Exercise brief =
Your answer should contain only the lines from the top of the data below down through the one with "(64-bit) and double-click", transcribed exactly and without pictures; please include nothing more.

Data items =
_ _ _ _ _

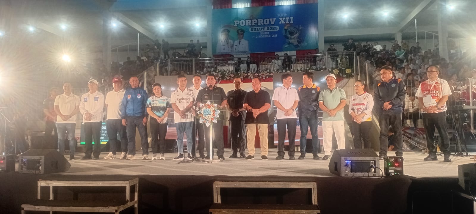 SULAWESION,MANADO — Gelora Stadion KONI Sario berubah menjadi lautan cahaya dan teriakan penuh euforia saat Porprov Sulawesi Utara XII resmi ditutup tadi malam. Ribuan pasang mata menoleh serempak ke arah panggung utama ketika Gubernur YSK melangkah naik ke podium, disambut gemuruh tepuk tangan yang seakan mengguncang tribun.
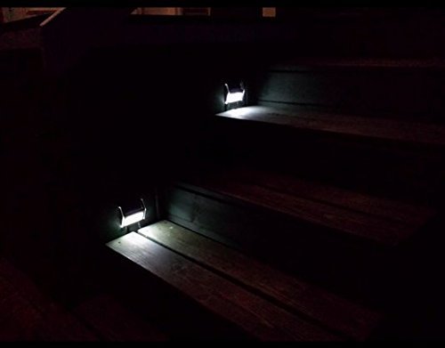 OxyLED Solar stair lights are by the sun during the day and are perfect for illuminating pathways, stairs, walkways, docks and decks. It can be easily mounted either vertically or flatly on staircases, paths, gardens, mailboxes, decks, docks and fences. Each light runs up to eight hours on a full charge, and its photocell sensor automatically turns it on at dusk and off at dawn.
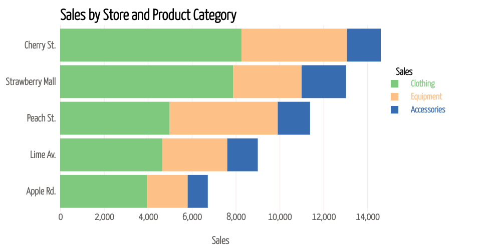 This is the stacked horizontal bar chart for the Sales by Store and Product Category
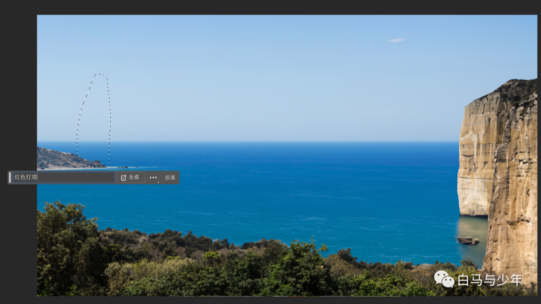 最后,再来一个从零开始创建,使用一张1920x1080的画布,用选区框出左半边,输入“大海,俯瞰,全景”。
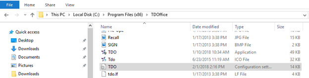 Go to “C:\Program Files \TDOffice” (32-bit) or “C:\Program Files (x86)\TDOffice” (64-bit) and double-click on "TDO.ini"
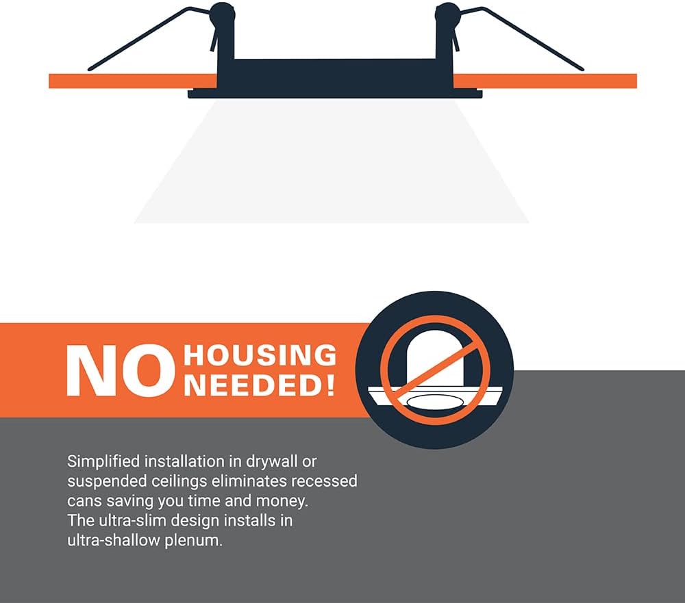 ULTRA SLIM AND AIRTIGHT: Fixture is less than 1⁄2″ thick and mounts directly to the ceiling, avoiding obstacles like joists and ducting, with an airtight fit; IC (insulation contact) rated

_ _ _ _ _

Final answer =
 SULAWESION,MANADO — Gelora Stadion KONI Sario berubah menjadi lautan cahaya dan teriakan penuh euforia saat Porprov Sulawesi Utara XII resmi ditutup tadi malam. Ribuan pasang mata menoleh serempak ke arah panggung utama ketika Gubernur YSK melangkah naik ke podium, disambut gemuruh tepuk tangan yang seakan mengguncang tribun.
 OxyLED Solar stair lights are by the sun during the day and are perfect for illuminating pathways, stairs, walkways, docks and decks. It can be easily mounted either vertically or flatly on staircases, paths, gardens, mailboxes, decks, docks and fences. Each light runs up to eight hours on a full charge, and its photocell sensor automatically turns it on at dusk and off at dawn.
 This is the stacked horizontal bar chart for the Sales by Store and Product Category
 最后,再来一个从零开始创建,使用一张1920x1080的画布,用选区框出左半边,输入“大海,俯瞰,全景”。
 Go to “C:\Program Files \TDOffice” (32-bit) or “C:\Program Files (x86)\TDOffice” (64-bit) and double-click on "TDO.ini"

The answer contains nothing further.